An international team, led by Dr. Zhangjun Fei at the Boyce Thompson Institute for Plant Research, Dr. Yongsheng Liu at Hefei University of Technology and Dr. Hongwen Huang at South China Botanical Garden, has sequenced and assembled a draft genome of kiwifruit (Actinidia chinensis). A heterozygous diploid Chinese kiwifruit variety, called Hongyang, was used to generate the draft genome sequence, which is accessible at the online Kiwifruit Genome Database (http://bioinfo.bti.cornell.edu/kiwi).

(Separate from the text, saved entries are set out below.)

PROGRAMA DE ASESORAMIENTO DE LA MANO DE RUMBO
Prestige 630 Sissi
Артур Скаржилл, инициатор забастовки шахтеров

Kiwifruit belongs to Actinidiaceae, the basal family within Ericales. It has long been considered “the king of fruits” due to its remarkably high vitamin C content and balanced nutritional density of minerals, dietary fiber, and other health-beneficial metabolites. Kiwifruit originated in the mountains and ranges of southwestern China, and has experienced a relatively short history of domestication beginning only in the early 20th century when its seeds were introduced to New Zealand, and since then numerous varieties have been developed and cultivated. Today, kiwifruit is an important fresh fruit worldwide with annual production of 1.44 million tons in 2011 (http://faostat.fao.org).

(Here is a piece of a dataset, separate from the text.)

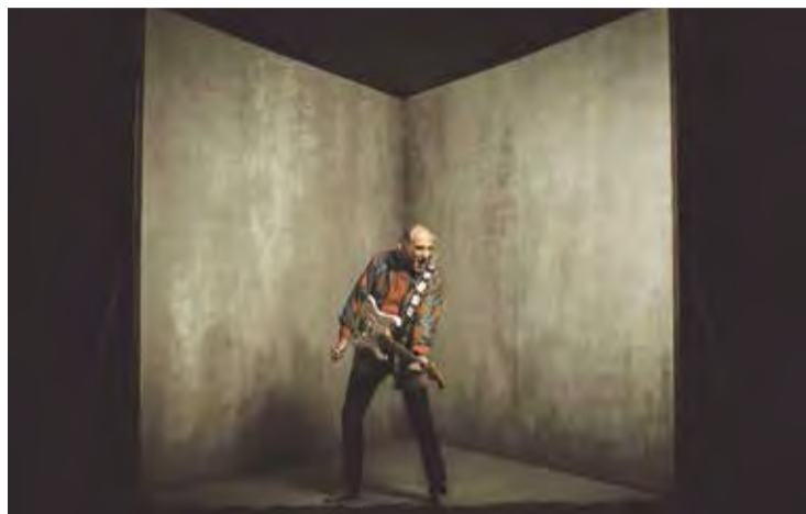
PAU RIBA. Serà la primera vegada que el cantant actuï al festival PORTALBLAU

The draft kiwifruit genome represents the first genome sequence of a member in the order Ericales, and the third in the entire asterid lineage, after potato and tomato. The sequence of the kiwifruit genome provides a valuable resource for comparative genomics and evolutionary studies especially in the asterid lineage, which has much less genomic resources available when compared to the rosid lineage. This information also provides a great opportunity to develop a deeper understanding of agronomical and/or biological important traits such as vitamin C metabolism and provide information for the fruit breeders to further enhance the fruit’s nutritional value.

Image: The kiwifruit know as Hongyang, which was used to generate the draft genome sequence.